**Problem to solve:** Only those lines in the data below from the line containing "Satlantas Polres Bone" through the line containing "Recorte os elementos, aplique", both included, should be restated word for word.

(Data)

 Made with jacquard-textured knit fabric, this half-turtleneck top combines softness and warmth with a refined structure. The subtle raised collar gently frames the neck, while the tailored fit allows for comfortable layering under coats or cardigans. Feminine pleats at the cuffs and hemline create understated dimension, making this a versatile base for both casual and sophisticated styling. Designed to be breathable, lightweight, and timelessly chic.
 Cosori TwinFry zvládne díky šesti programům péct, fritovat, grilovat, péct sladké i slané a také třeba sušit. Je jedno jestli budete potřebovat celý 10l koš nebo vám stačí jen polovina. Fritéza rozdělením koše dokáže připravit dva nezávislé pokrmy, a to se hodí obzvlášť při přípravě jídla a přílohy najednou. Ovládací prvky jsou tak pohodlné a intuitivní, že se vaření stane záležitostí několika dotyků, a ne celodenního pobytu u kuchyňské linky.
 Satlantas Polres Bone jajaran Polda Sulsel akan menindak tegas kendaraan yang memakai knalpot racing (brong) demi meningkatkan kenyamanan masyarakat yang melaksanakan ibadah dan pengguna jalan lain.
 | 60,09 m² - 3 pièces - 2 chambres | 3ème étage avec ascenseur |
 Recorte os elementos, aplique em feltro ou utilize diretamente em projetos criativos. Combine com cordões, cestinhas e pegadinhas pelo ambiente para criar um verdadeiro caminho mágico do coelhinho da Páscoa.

(End Data)
(Data)

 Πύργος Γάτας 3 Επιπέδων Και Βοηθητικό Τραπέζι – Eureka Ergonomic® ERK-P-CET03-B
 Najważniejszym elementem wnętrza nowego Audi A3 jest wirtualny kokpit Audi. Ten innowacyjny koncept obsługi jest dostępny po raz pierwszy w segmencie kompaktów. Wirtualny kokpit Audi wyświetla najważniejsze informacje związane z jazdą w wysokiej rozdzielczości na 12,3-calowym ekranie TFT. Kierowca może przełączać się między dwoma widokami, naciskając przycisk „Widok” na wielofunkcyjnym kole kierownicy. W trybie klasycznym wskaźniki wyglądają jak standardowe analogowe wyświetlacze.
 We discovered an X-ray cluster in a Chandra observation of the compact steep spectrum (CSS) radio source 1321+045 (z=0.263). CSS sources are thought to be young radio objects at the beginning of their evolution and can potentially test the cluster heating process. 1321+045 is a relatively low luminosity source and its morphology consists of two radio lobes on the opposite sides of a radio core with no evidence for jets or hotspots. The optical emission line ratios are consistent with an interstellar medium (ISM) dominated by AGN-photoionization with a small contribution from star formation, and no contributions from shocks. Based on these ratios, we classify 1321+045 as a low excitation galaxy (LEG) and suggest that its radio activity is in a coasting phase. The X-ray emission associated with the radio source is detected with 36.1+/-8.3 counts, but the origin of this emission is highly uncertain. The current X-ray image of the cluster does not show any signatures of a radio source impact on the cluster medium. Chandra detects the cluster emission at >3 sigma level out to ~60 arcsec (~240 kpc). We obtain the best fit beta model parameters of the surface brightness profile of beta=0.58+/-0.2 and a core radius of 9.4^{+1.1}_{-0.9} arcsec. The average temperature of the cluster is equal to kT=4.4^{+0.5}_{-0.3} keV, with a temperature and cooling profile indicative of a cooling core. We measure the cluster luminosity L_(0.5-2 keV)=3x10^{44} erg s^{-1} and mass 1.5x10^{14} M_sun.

(End Data)
(Data)

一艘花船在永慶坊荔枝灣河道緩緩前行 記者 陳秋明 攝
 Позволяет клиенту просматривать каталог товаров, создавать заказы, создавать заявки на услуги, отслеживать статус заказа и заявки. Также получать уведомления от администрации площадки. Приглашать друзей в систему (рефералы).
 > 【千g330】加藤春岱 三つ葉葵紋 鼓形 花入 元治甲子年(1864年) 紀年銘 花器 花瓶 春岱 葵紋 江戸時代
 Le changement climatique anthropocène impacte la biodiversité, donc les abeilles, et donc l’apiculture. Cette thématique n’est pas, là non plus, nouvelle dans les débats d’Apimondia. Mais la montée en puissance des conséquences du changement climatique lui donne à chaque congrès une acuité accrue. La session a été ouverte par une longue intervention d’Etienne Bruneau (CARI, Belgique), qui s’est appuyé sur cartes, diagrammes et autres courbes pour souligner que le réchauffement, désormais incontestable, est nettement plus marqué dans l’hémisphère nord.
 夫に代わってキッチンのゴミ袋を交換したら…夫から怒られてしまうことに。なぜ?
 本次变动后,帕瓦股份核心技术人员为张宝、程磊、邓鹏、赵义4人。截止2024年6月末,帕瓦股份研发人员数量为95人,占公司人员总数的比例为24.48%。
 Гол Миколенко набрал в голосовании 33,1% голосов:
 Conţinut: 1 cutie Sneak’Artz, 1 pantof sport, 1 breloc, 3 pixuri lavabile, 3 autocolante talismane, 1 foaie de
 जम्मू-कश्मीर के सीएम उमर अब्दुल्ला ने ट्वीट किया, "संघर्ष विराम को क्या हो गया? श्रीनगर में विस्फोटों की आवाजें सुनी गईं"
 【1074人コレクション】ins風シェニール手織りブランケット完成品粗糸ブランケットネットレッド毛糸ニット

(End Data)

**Exercise solution:**
 Satlantas Polres Bone jajaran Polda Sulsel akan menindak tegas kendaraan yang memakai knalpot racing (brong) demi meningkatkan kenyamanan masyarakat yang melaksanakan ibadah dan pengguna jalan lain.
 | 60,09 m² - 3 pièces - 2 chambres | 3ème étage avec ascenseur |
 Recorte os elementos, aplique em feltro ou utilize diretamente em projetos criativos. Combine com cordões, cestinhas e pegadinhas pelo ambiente para criar um verdadeiro caminho mágico do coelhinho da Páscoa.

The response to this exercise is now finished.